GOAL OF THE EXERCISE
From the first line to the last, copy the data exactly.

(Beginning of TASK MATERIAL)

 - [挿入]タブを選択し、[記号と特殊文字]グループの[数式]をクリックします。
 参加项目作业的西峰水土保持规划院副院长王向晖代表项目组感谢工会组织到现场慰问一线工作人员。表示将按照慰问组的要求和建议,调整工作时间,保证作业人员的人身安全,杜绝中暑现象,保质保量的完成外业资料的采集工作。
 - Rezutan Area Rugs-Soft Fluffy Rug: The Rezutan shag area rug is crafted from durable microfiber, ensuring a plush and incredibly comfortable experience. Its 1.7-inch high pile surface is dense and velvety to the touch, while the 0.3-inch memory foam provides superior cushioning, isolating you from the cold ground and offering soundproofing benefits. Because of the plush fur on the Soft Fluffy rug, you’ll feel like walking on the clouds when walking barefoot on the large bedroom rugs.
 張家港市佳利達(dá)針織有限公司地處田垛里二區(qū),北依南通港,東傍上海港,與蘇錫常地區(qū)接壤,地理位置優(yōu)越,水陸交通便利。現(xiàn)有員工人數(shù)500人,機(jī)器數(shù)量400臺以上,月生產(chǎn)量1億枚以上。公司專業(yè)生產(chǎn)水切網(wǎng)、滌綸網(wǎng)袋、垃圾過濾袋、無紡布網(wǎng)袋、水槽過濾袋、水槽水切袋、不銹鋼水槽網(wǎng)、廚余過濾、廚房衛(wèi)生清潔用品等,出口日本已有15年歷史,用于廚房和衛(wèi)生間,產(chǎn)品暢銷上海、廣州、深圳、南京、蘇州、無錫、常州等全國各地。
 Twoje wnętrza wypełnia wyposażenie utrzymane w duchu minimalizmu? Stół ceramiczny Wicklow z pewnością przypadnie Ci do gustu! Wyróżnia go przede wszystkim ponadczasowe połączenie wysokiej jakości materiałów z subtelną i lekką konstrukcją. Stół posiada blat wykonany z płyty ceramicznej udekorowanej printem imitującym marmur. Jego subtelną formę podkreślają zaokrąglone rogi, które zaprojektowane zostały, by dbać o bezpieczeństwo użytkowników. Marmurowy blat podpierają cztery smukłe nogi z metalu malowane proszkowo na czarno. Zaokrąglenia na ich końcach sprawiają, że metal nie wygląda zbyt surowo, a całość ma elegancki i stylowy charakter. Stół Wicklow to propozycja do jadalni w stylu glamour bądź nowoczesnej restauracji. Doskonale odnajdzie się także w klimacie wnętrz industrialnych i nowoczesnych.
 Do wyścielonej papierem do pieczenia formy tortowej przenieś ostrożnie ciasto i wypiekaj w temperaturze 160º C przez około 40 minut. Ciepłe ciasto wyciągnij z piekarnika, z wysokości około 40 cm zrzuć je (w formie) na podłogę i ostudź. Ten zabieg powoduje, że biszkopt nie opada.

(End of TASK MATERIAL)

OUTPUT
 - [挿入]タブを選択し、[記号と特殊文字]グループの[数式]をクリックします。
 参加项目作业的西峰水土保持规划院副院长王向晖代表项目组感谢工会组织到现场慰问一线工作人员。表示将按照慰问组的要求和建议,调整工作时间,保证作业人员的人身安全,杜绝中暑现象,保质保量的完成外业资料的采集工作。
 - Rezutan Area Rugs-Soft Fluffy Rug: The Rezutan shag area rug is crafted from durable microfiber, ensuring a plush and incredibly comfortable experience. Its 1.7-inch high pile surface is dense and velvety to the touch, while the 0.3-inch memory foam provides superior cushioning, isolating you from the cold ground and offering soundproofing benefits. Because of the plush fur on the Soft Fluffy rug, you’ll feel like walking on the clouds when walking barefoot on the large bedroom rugs.
 張家港市佳利達(dá)針織有限公司地處田垛里二區(qū),北依南通港,東傍上海港,與蘇錫常地區(qū)接壤,地理位置優(yōu)越,水陸交通便利。現(xiàn)有員工人數(shù)500人,機(jī)器數(shù)量400臺以上,月生產(chǎn)量1億枚以上。公司專業(yè)生產(chǎn)水切網(wǎng)、滌綸網(wǎng)袋、垃圾過濾袋、無紡布網(wǎng)袋、水槽過濾袋、水槽水切袋、不銹鋼水槽網(wǎng)、廚余過濾、廚房衛(wèi)生清潔用品等,出口日本已有15年歷史,用于廚房和衛(wèi)生間,產(chǎn)品暢銷上海、廣州、深圳、南京、蘇州、無錫、常州等全國各地。
 Twoje wnętrza wypełnia wyposażenie utrzymane w duchu minimalizmu? Stół ceramiczny Wicklow z pewnością przypadnie Ci do gustu! Wyróżnia go przede wszystkim ponadczasowe połączenie wysokiej jakości materiałów z subtelną i lekką konstrukcją. Stół posiada blat wykonany z płyty ceramicznej udekorowanej printem imitującym marmur. Jego subtelną formę podkreślają zaokrąglone rogi, które zaprojektowane zostały, by dbać o bezpieczeństwo użytkowników. Marmurowy blat podpierają cztery smukłe nogi z metalu malowane proszkowo na czarno. Zaokrąglenia na ich końcach sprawiają, że metal nie wygląda zbyt surowo, a całość ma elegancki i stylowy charakter. Stół Wicklow to propozycja do jadalni w stylu glamour bądź nowoczesnej restauracji. Doskonale odnajdzie się także w klimacie wnętrz industrialnych i nowoczesnych.
 Do wyścielonej papierem do pieczenia formy tortowej przenieś ostrożnie ciasto i wypiekaj w temperaturze 160º C przez około 40 minut. Ciepłe ciasto wyciągnij z piekarnika, z wysokości około 40 cm zrzuć je (w formie) na podłogę i ostudź. Ten zabieg powoduje, że biszkopt nie opada.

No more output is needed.